Il condominio rinuncia a comparire e la Srl si difende negando di aver compresso i diritti altrui: le regole condominiali riconoscevano alla sua dante causa una servitù di accesso alle parti di copertura del palazzo. Ad ogni modo, aggiunge, non si trattava di modifiche importanti ma di una semplice apertura di botola per accedere al lastrico solare dal vano condominiale con passaggio di tubature nel muro.

La decisione
Tesi bocciata. Il Tribunale milanese – accertata l'inesistenza della servitù – la condanna alla rimozione. La soluzione della controversia, premette, stava nella natura dei lavori eseguiti. Quella, la chiave per capire se le opere avessero realmente alterato la destinazione della cosa comune in spregio all'uso altrui e se erano davvero permesse dal regolamento. La norma di riferimento, quindi, era l'articolo 1102 del Codice civile inerente la comunione ma estensibile al condominio.

Ciò che era chiaro, è che la società aveva effettuato i lavori in appartamenti di sua proprietà operando su parti comuni: apertura della botola (consentita) e posa, in adiacenza al muro condominiale, di un cassonetto per contenere le tubature.
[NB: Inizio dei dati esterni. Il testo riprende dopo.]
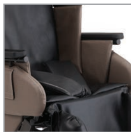
Padded Thigh Strap
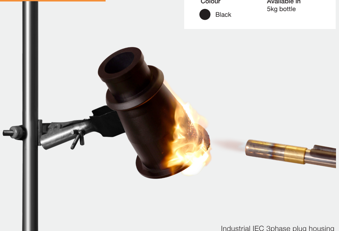
Industrial IEC 3phase plug housing

Rigid DLFR is Photocentric's first Daylight Flame Retardant resin with UL 94 V-0 certification, even showing self-extinguishing properties in the green state. Combined with an exceptionally high HDT and high tensile modulus, it is ideal for 3D parts in industries such as aerospace, automotive and railway. Easy to print and process due to its low viscosity. Printed parts exhibit a superior level of detail and dimensional accuracy, making it the perfect choice for connectors and fittings for both consumer and industrial applications.
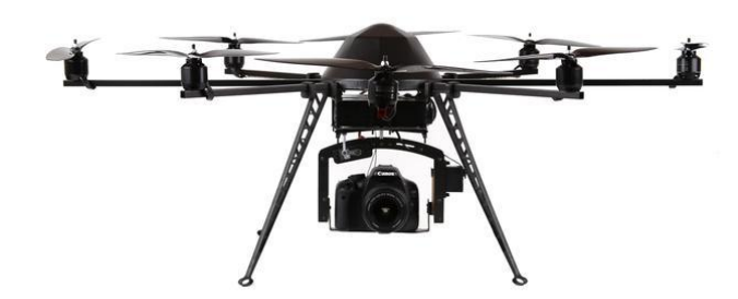
A$20,000 MikroKopter OktoKopter XL ARF

Larger multi-rotor, 2-7kg, capable of lifting heavier, broadcast quality HD live streaming cameras. Typically an operating radius of about 2,000m, with 'line of sight', maximum operating height of 2,000m, maximum speed 70 km per hour. Endurance 12-20 minutes. Requires skilled UAV pilot, usually supported by a camera/systems operator. Majority of drone journalism in urban areas will initially use this type. A$2,000 - $20,000 depending on complexity.
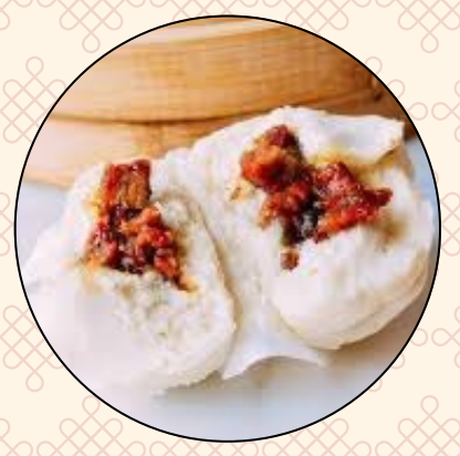
BBQ Pork Bun (3pc) $7.99
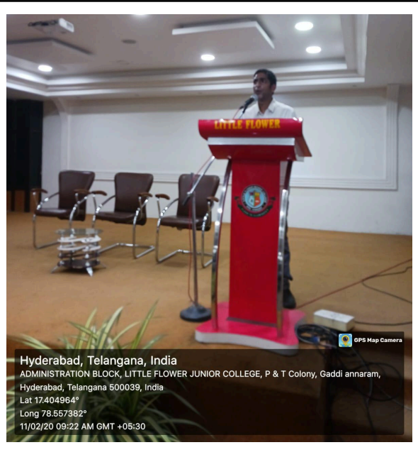
Hyderabad, Telangana, India ADMINISTRATION BLOCK, LITTLE FLOWER JUNIOR COLLEGE, P & T Colony, Gaddi annaram, Hyderabad, Telangana 500039, India Lat 17.404964° Long 78.557382° 11/02/20 09:22 AM GMT +05:30
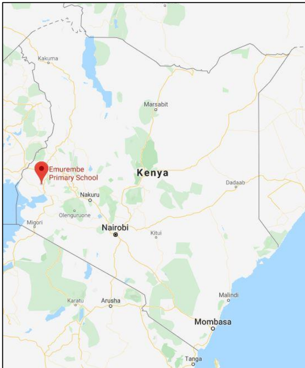
The school is located in the township of Mbitondo in Vihaga County, Western Kenya
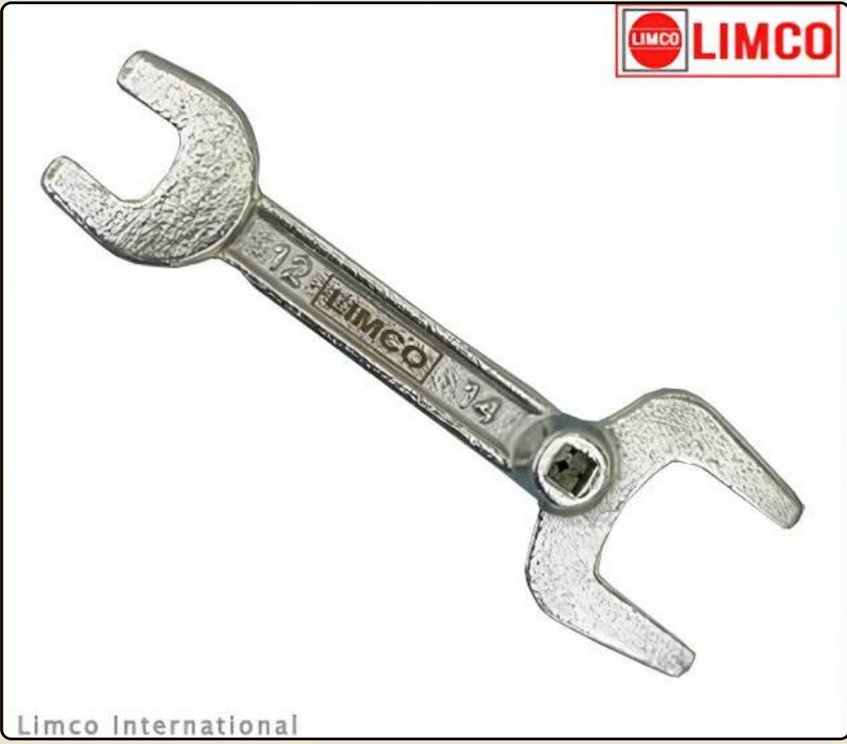
SPM-143 SPANNER MEDICAL GAS SPANNER MEDICAL GAS (CHROME PLATED)

Cassonetto che invadeva gli spazi dedicati al primo piano sforando i limiti fissati dal Codice civile e dal regolamento che – nel riconoscere alla società il diritto di creare accessi alle porzioni di lastrico solare dai corpi scale – non la abilitava a collocare opere non strumentali a tale accesso. Era, dunque, un'opera esclusa dalla servitù d'accesso che occupava, senza il necessario unanime consenso scritto (Cassazione 4501/15) il volume condominiale apponendogli un peso.

Le precedenti pronunce di legittimità
E già Cassazione 9278/18 affermava che la nozione di pari uso della cosa comune «non va intesa come assoluta identità dell'uso del bene da parte di ogni comproprietario» ciò equivalendo al divieto per ognuno di servirsi del bene a suo vantaggio. È corretto, perciò, concludere che il comproprietario ha il diritto di trarre dal bene comune un'utilità maggiore e più intensa di quella che ne viene tratta dagli altri purché non ne alteri la destinazione o non comprometta il pari uso.

E per appurare se quell'uso più intenso sia lecito non si avrà riguardo all'uso concreto fatto della cosa dagli altri in un determinato momento ma a quello potenziale in relazione ai diritti di ciascuno così che l'uso si riterrà ammesso se l'utilità aggiuntiva carpita dal comproprietario non sia diversa da quella derivante dalla destinazione originaria del bene, sempre che non si dia luogo a servitù a carico del bene comune. Queste, le ragioni per cui il Tribunale di Milano accoglie la domanda del proprietario e condanna la Srl alla demolizione dell'opera abusiva.